Delivering the keynote address at this month’s Global Legal Forum in London, Christina Blacklaws, the immediate past president of the Law Society of England and Wales, said legal tech was weighed down by systemic bias and “cultural and social expectations of what women can and should do”.
Blacklaws, who recently joined the advisory board of alternative legal service provider Elevate, urged more women to pursue careers in technology and said the stakes were particularly high due to the danger of data containing gender bias being used to train AI.
“In a computerised world, it [diversity] should get better,” she said, but warned “it could get an awful lot worse” if bias in society was “hardwired into decision making”.

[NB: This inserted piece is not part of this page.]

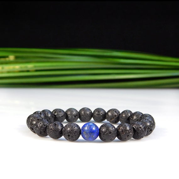 At a Great Pricelove beach youth 8mm Stretchable black & Blue Lapis Lazuli and Lava Rock Bracelet Round, Smooth 7" for mens, womens, gf, bf & Adult.
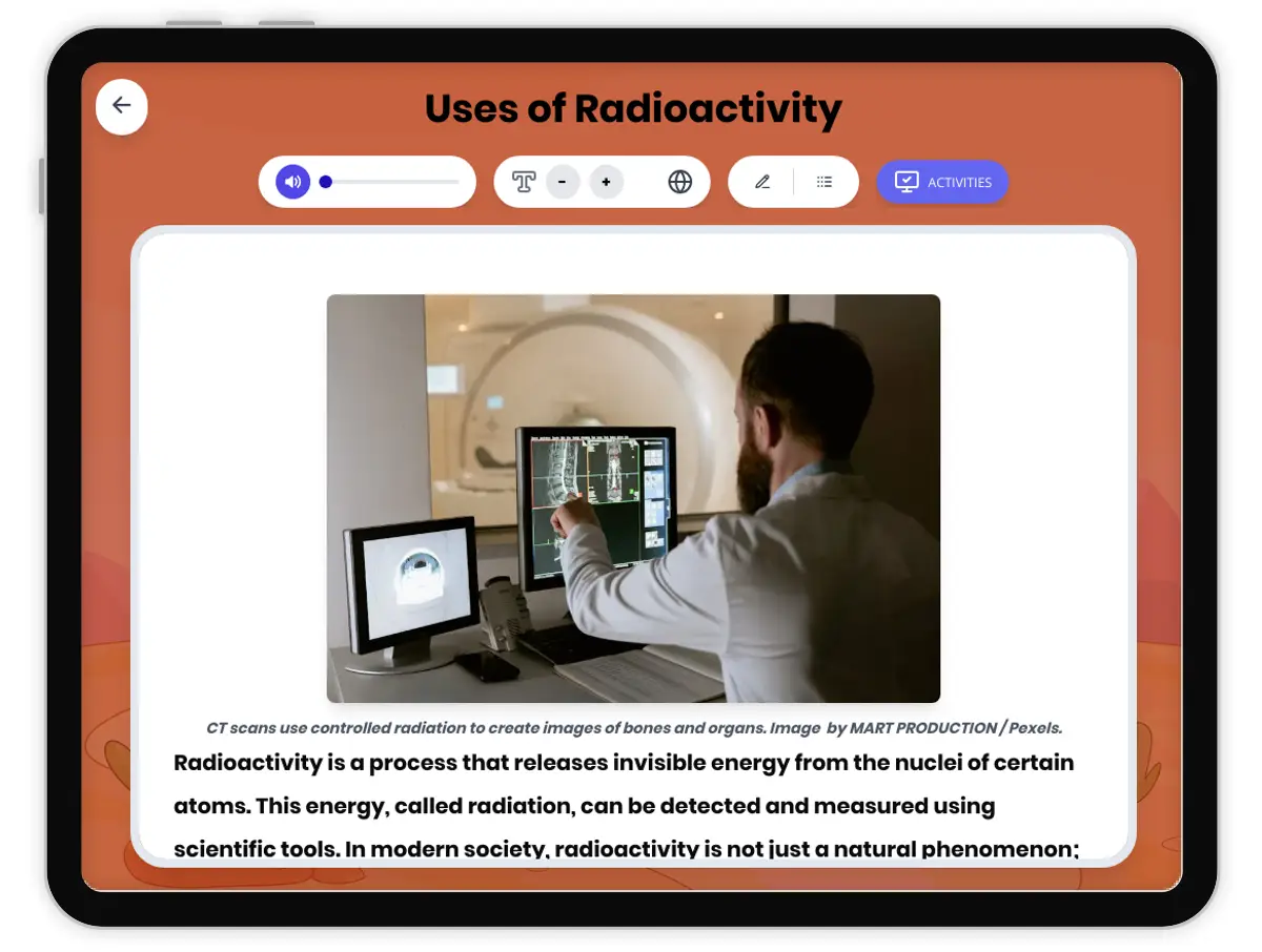 This comprehensive middle school science passage examines the uses of radioactivity, aligning with NGSS MS-PS1-1. Students will learn how radiation benefits society in various fields, including medical diagnostics and treatment (such as X-rays, CT scans, and cancer therapy), industrial applications (like thickness gauges and leak detection), agricultural pest control, food preservation, and scientific research (including dating fossils and artifacts). The passage explains the mechanisms behind these applications, such as how radioactive tracers work and why certain isotopes are effective tools. Real-world examples, such as smoke detectors using americium-241, illustrate cause-and-effect chains and the importance of safe, controlled use. The passage includes a glossary, differentiated version, Spanish translations, comprehension questions, writing prompts, and graphic organizers, all audio-integrated for accessibility. This resource is designed for grades 6-8, providing a clear connection to larger scientific principles and the disciplinary core idea. It is ideal for engaging students in understanding the positive impacts and considerations of radioactivity.

Virginia Clegg, senior partner at DAC Beachcroft, told the conference there was a need to change the culture within the legal tech sector and tackle the stereotypes that permeated it.
“We need to change the narrative,” she said. “It’s not about coding, building processes, it’s about what happens. We need to get the story right and ask what we are trying to do with tech.”
Olga Mack, CEO of San Francisco-based contract management platform Parley Pro, told The Global Legal Post: “Legal tech combines the worst of legal and tech. Historically, and even to some extent today, investors dread investing in legal tech. This relative scarcity of funding makes the existing networks of mostly men even tighter and harder to penetrate for women in legal tech.”
She called for the creation of more legal tech-focused funds generally and more funds specifically focused on increasing “diversity of thought” in the industry.
She also urged buyers of legal tech to put pressure on suppliers to improve diversity.
“Buyers, whether in a law firm or in-house, should definitely ask hard questions related to diversity and inclusion,” she said.
Earlier this week the European Commission published a white paper on AI regulation that promised to ensure that AI is “fair and compliant with the high standards Europe has developed in all fields”.